TLDR; What do you know about how our information is harvested when we browse the internet? What methods are used by content providers to gather and sell our data? Your insight is appreciated!
When I browse the internet, occasionally I’ll catch a bug that has me really interested in a very specific topic. For example, one day I took an interest in airplanes, I read about pilot’s licenses, looked at flight schools and even searched for airplanes on eBay. I clicked on one eBay listing for an airplane. Next thing I new, when I was on Facebook, I saw ads for airplanes for sale. Even in my gmail, at the top of my feed I was seeing pilot related ads!
My question is this: what methods are used to get this information to advertise to a user? Is it primarily google who is selling my content searches? If I am lead to a site and start clicking links leading me across multiple web sites without a single websearch, how much am I being tracked and by what means?
My reasons for asking, is because I’m working on a project to develop a small team of automated bots that will visibly browse the internet for me over a wide variety of topics while I conduct my own business. My idea is to intentionally “polute” the data feeds of whoever is inspecting my activity so that they cannot adequately access who I really am and what my interests are.

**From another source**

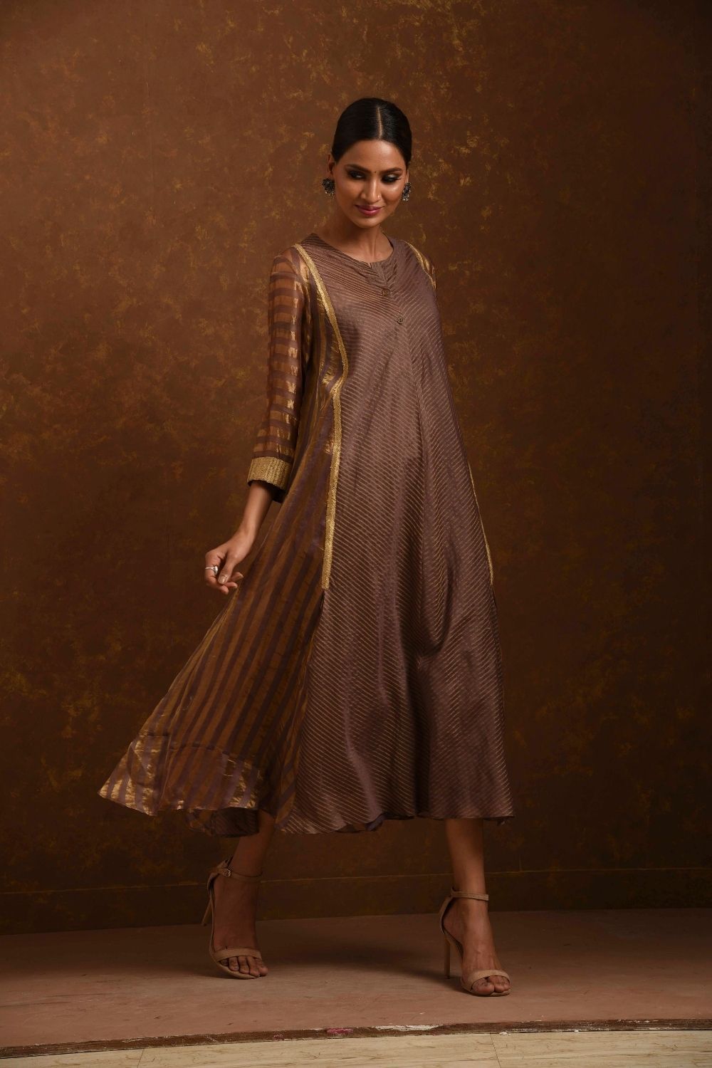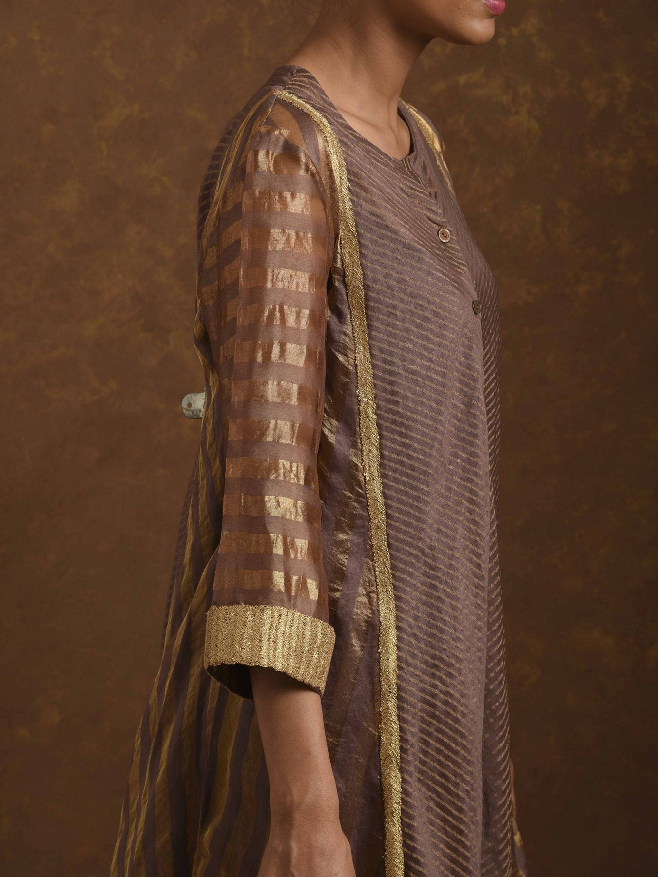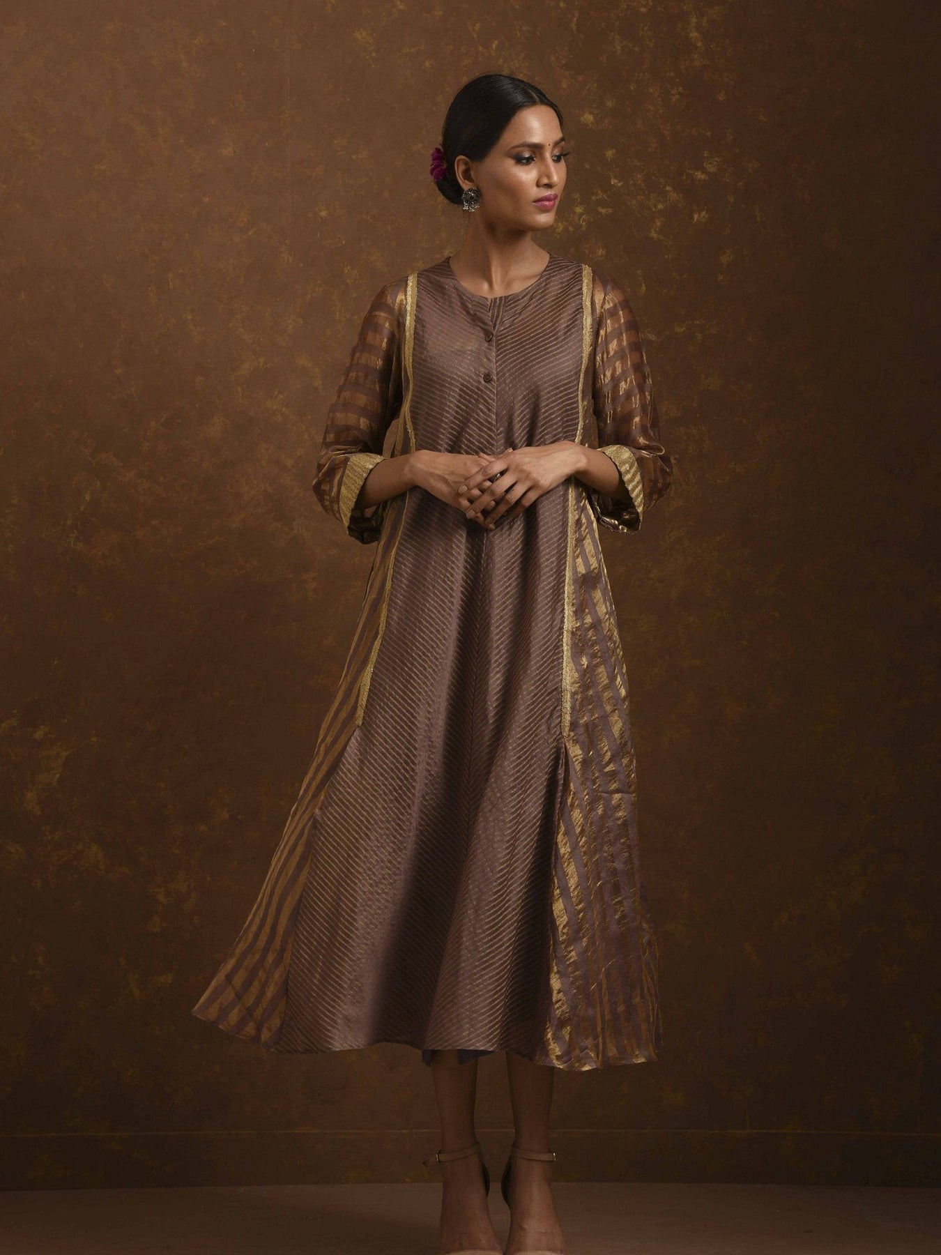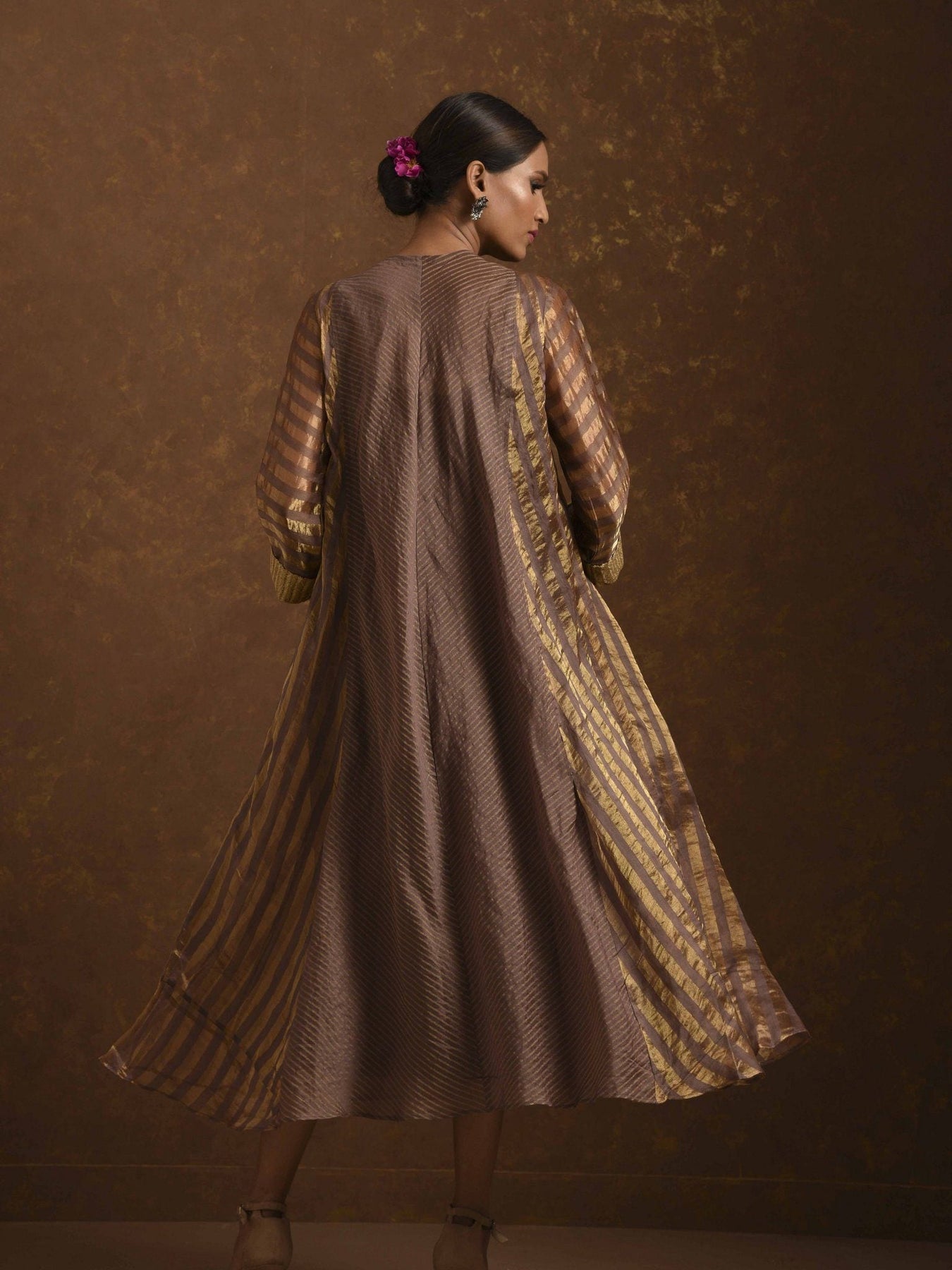 Tissue Stripe festive Dress with gold embroidery, Zardozi handwork

I know that I can avoid all this stuff by not using google, staying off social media, using VPN’s etc. This is for academic purposes. And I would like to explore the idea of internet privacy by “hiding in plain site” but surrounded by a smoke screen of conflicting interests.
Lastly, I’m looking at using google chrome in headless mode and controlling it with the node library Puppeteer in order to keep cpu consumption down while the bots do their work. Seeing that headless chrome is a development tool, will potential data from searches conducted under headless mode still be harvested by the same interested parties? This is the real reason I want to know how data is harvested. Does the harvested data primarily originate from data gathered by the browser? Or is it on a granular level such as the URL in your web history?
Lots of questions here, I know. I invite anyone with any insight into how our privacy is compromised or harvested to share it here. Hopefully this thread will be useful to others developing tools for maintaining a private identity online. Thanks!